8x more efficient Boolean column storage with vectorized processing resulting in 30-45% faster queries.
Enhanced developer flexibility with continuous aggregates now supporting window and mutable functions, plus customizable refresh orders.
The end of support for PostgreSQL 14.

With the TL;DR out of the way, we can deep dive into everything 2.20 has to offer!

Flexible Data Management: Efficient Updates & Upserts Now Up To 10x Faster!

Inserting or updating data into compressed columnstore chunks has been a pain point for some users, often requiring creative workarounds to manage throughput. We've heard you, and TimescaleDB 2.20 brings a massive improvement to this experience!

For heavily constrained UPSERT or ON CONFLICT, performance is now up to 10 times faster.

Consider a worst-case scenario backfill of 3,000 records where every record conflicts with an existing unique constraint:

INSERT INTO uk_ts_comp_table
	SELECT * FROM insert_sample on conflict (uk,ts) do nothing;

TimescaleDB 2.19.3: ~17 seconds
TimescaleDB 2.20.0: ~1.7 seconds (a 10x improvement!)

This is significantly closer to the performance of inserting into uncompressed rowstore chunks (which took ~300ms in this test). If no unique constraints are present in a chunk, the backfill performance between rowstore and columnstore chunks is now nearly equivalent.

We're not stopping here! We have more improvements lined up for backfilling, including leveraging bloom filters, to further enhance performance in upcoming releases. Our goal is to make backfilling into columnstore only marginally slower than into uncompressed tables, even for the most complex scenarios.

Columnstore Query Performance: Beyond OLAP Limitations

TimescaleDB's columnstore on PostgreSQL already provides powerful analytical capabilities. Version 2.20 pushes these boundaries, offering speeds that challenge dedicated OLAP systems while retaining the full power and flexibility of PostgreSQL.

Finding high-cardinality values faster with bloom filters (up to 3.5x faster)

Traditional OLAP databases excel at scanning large datasets but often falter with point lookups or finding rare values (like a specific UUID or transaction ID). This is where TimescaleDB 2.20 further differentiates itself by enhancing PostgreSQL's capabilities. We introduce bloom filters for columnstore batches, addressing a common pain point and delivering "speed without sacrifice"—you don't lose point query performance for analytical speed.

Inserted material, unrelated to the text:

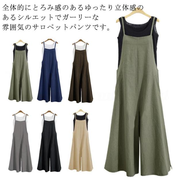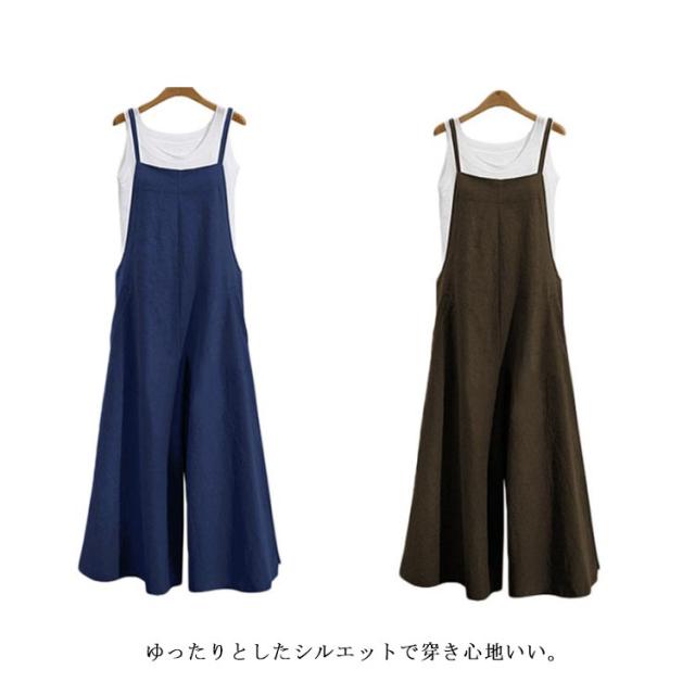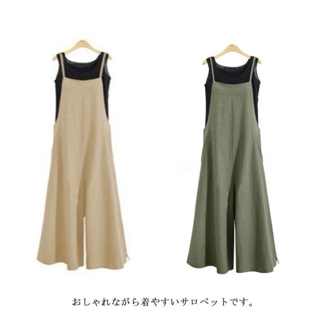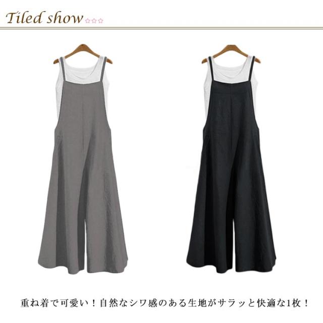 パンツ オールインワン サロペット ガウチョパンツ キャミソール シワ感 体型カバー オーバーオール 無地 重ね着 サロペット サロペットパンツ マキシ丈 薄手 ワイドパンツ ワイド ボトムス 通勤 ブラック 春 夏 大きいサイズ

A bloom filter is a space-efficient, probabilistic data structure that quickly determines if an element might be in a set or definitely is not.

How bloom filters help bridge the gap:

For columns that aren't segmentby columns, we now build a bloom filter for each batch. When you query for a specific value (e.g., WHERE subject = 'unsubscribe'), TimescaleDB first checks the bloom filter:

If the filter says the value isn't in the batch, we skip decompressing and scanning that batch entirely.

If it might be there, we then decompress and check. This drastically reduces data processing for such lookups, making your PostgreSQL-based time-series database performant for mixed workloads.

Performance impact:

Queries like SELECT min(sent), max(sent), count() FROM hackers WHERE subject = 'unsubscribe' ORDER BY count() DESC LIMIT 10; can execute 3.5 times faster (e.g., from 12ms down to 2.7ms).
A blockchain customer benchmark searching for rare addresses saw query times drop from 245ms to 40ms (a 6x improvement!). SELECT * FROM token_transfers WHERE from_address = '0xa148e876bbd30e1937be268a2f4387b14eff5cb0' ORDER BY block_timestamp DESC LIMIT 10;

Storage and availability:

Each bloom filter adds a small amount of storage per batch (up to 1kB, but can be as little as 9 bytes depending on cardinality). This feature is enabled by default for all new chunks created in TimescaleDB 2.20. Existing chunks require recompression to gain bloom indexes.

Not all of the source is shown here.